Вишневые, «лук Амура», сильно вырезанные губы Цветкова дрогнули, но, словно раздумав улыбаться, он нахмурился и не торопясь рассказал:
– Детский крик произошел у нас в медсанбате. Едва развернулись и я спать залег в землянке – десант. А сплю я крепко, должен вам доложить. Проснулся – слышу большой джентльменский набор: ножами, сволочи, наших докторш режут, – потом выяснилось. У меня тогда коровинский пистолет был. А возле топчана – окошечко. Вижу фасонные офицерские сапожки. Стоит обер-лейтенант, любуется. Долго я целился, тут промахнуться нельзя. Согласно всем своим знаниям анатомии, так, знаете, атлас перед глазами и перелистал. Хорошо выстрелил, элегантно!
Только теперь разрешив себе улыбнуться, он раскрыл портсигар и предложил Володе:
– Возьмите! Турецкий табак.
– И сигареты сохранились?
– А я ведь их зря не курю. Только в исключительных случаях.
– В каких таких исключительных?
– А в таких, например, – словно отвечая на недавние Володины мысли, сказал Цветков, – в таких, коллега, когда не ногу приходится ампутировать, а ножку существа, еще даже не умеющего говорить, но уже пострадавшего от фашистских варваров. Вот в каких случаях… Понятно?
– Вполне. Но как же вы все-таки тогда выжили?
– А нас танкисты выручили. Тут же рядом в лесу оказались. Но только от медсанбата мало кто остался.
– Неужели и докторов…
– И докторов! – охотно подтвердил Цветков. – И Надежду Михайловну, старенькую нашу докторшу-терапевта, – ножом. Это ведь война особая, небывалая, тут удивляться нельзя, тут только задача в одном: всем уметь убивать, потому что убивать палачей докторам не противопоказано, а даже рекомендуется. Хотите выпить?
– Давайте! – охотно и весело сказал Володя.
Цветков вытащил из заднего кармана брюк фляжку и протянул Володе.
– На имена! – предложил он. – Меня зовут Костя. А вас?
– Володя.
– И сразу на «ты»! – предупредил Цветков. – Понятно? Короче, ты за меня, Владимир, держись, не пропадем. У тебя оружие имеется?
– Да я же штатский, – краснея, сказал Устименко.
– Я дам, у меня еще один такой «вальтер» в запасе. В Греции все есть.

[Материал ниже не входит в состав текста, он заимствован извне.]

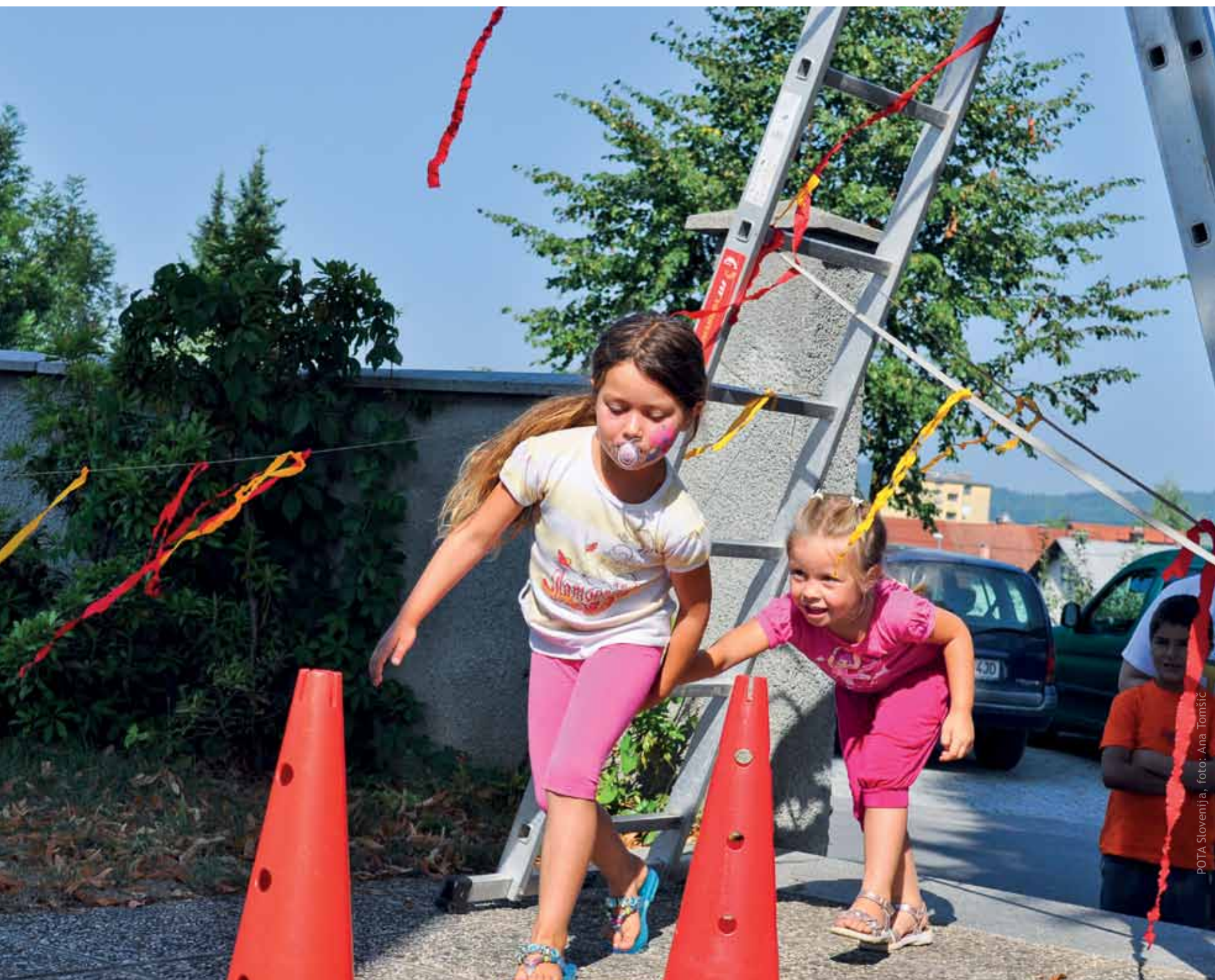
POTA Slovenija, foto: Ana Tomšič

Pot čez ovire je lahko tudi igra, če le nisi sam. Priti iz domače romske vasi na otroške delavnice med animatorje tujce, to je na samem začetku kar velika preizkušnja. Posebno za majhnega otroka. Zato smo prvi dan otroških delavnic v Grosuplju že takoj zjutraj pripravili otroški poligon s preprostimi ovirami. Zanimivo, ampak ovire so bile za otroke most za lažje vživljanje v novo okolje, v novo družbo. Bolj plašnim pa je pomagala roka starejšega prijatelja.

И Цветков совершенно мальчишеским жестом – хвастливым и широким – протянул Володе пистолет.
– Танкисты подарили, я им понравился, хотели у себя оставить, не вышло почему-то. На и помни доктора Цветкова – какого ты парня повстречал…
– А какого? – веселясь и радуясь неожиданной дружбе, спросил Устименко. – Чем ты такой особенный, Костя?
Медленно улыбаясь и показывая ровный ряд ослепительно белых и крупных зубов, красавец доктор прищурился и спокойным голосом произнес:
– Во-первых, я великолепный хирург.
– Великолепный? – немножко даже неприлично удивился Володя.
– Великолепнейший! – нисколько не обидевшись на Володино удивление, подтвердил Цветков. – Во-вторых, я хороший товарищ, честный человек, я – храбрый, красивый, сильный, ловкий…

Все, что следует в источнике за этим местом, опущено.